[[ Source data, beginning ]]
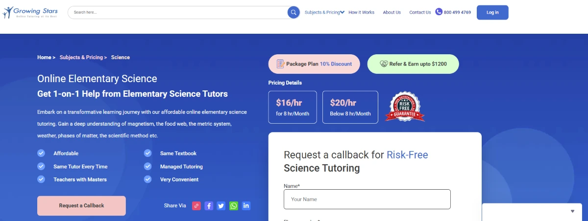 Growing Stars offers monthly tutoring packages. For example, a package of 8 hours per month costs about $120 ($15/hour), and 4 hours costs $80 ($20/hour). These rates are quite low for online tutoring. In general, math and science tutors can charge anywhere from $15 to $80 per hour in the US. Growing Stars tutors all have master’s degrees, so more advanced subjects may cost more. Exact pricing can vary by grade and course. You can view up-to-date rates on the Growing Stars Pricing page.
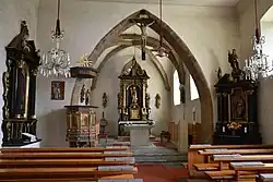 Das barockisierte Langhaus unter einer Flachdecke hat eine hölzerne Westempore. Der breite Fronbogen ist spitzbogig. Der zweijochige Chor mit einem geraden Schluss hat ein kräftiges Kreuzrippengewölbe auf Konsolen. Das zweibahnige Ostfenster zeigt eine Glasmalerei von Franz Weiss aus 1965. Das schlanke Sakristeiportal ist spitzbogig. Die Sakristei ist nördlich am Chor angebaut.
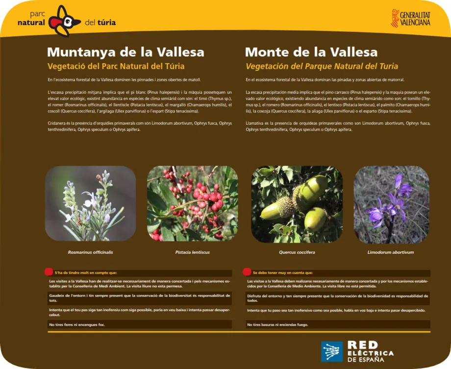 Red Eléctrica de España está llevando a cabo un proyecto de sostenibilidad en el paraje de la Vallesa, situado en el parque natural del Turia (Valencia), con una inversión total de 87.000 euros. El proyecto, iniciado en el 2017 y que concluirá en el 2019, contempla un conjunto de medidas en el ámbito de conservación de la biodiversidad y en la puesta en valor de los espacios naturales y del patrimonio histórico de este enclave ubicado en las cercanías de la capital valenciana.
[[ Source data, end ]]
What is being asked: Without including any picture, copy the listing above exactly and in full.

Output for this task:
 Growing Stars offers monthly tutoring packages. For example, a package of 8 hours per month costs about $120 ($15/hour), and 4 hours costs $80 ($20/hour). These rates are quite low for online tutoring. In general, math and science tutors can charge anywhere from $15 to $80 per hour in the US. Growing Stars tutors all have master’s degrees, so more advanced subjects may cost more. Exact pricing can vary by grade and course. You can view up-to-date rates on the Growing Stars Pricing page.
 Das barockisierte Langhaus unter einer Flachdecke hat eine hölzerne Westempore. Der breite Fronbogen ist spitzbogig. Der zweijochige Chor mit einem geraden Schluss hat ein kräftiges Kreuzrippengewölbe auf Konsolen. Das zweibahnige Ostfenster zeigt eine Glasmalerei von Franz Weiss aus 1965. Das schlanke Sakristeiportal ist spitzbogig. Die Sakristei ist nördlich am Chor angebaut.
 Red Eléctrica de España está llevando a cabo un proyecto de sostenibilidad en el paraje de la Vallesa, situado en el parque natural del Turia (Valencia), con una inversión total de 87.000 euros. El proyecto, iniciado en el 2017 y que concluirá en el 2019, contempla un conjunto de medidas en el ámbito de conservación de la biodiversidad y en la puesta en valor de los espacios naturales y del patrimonio histórico de este enclave ubicado en las cercanías de la capital valenciana.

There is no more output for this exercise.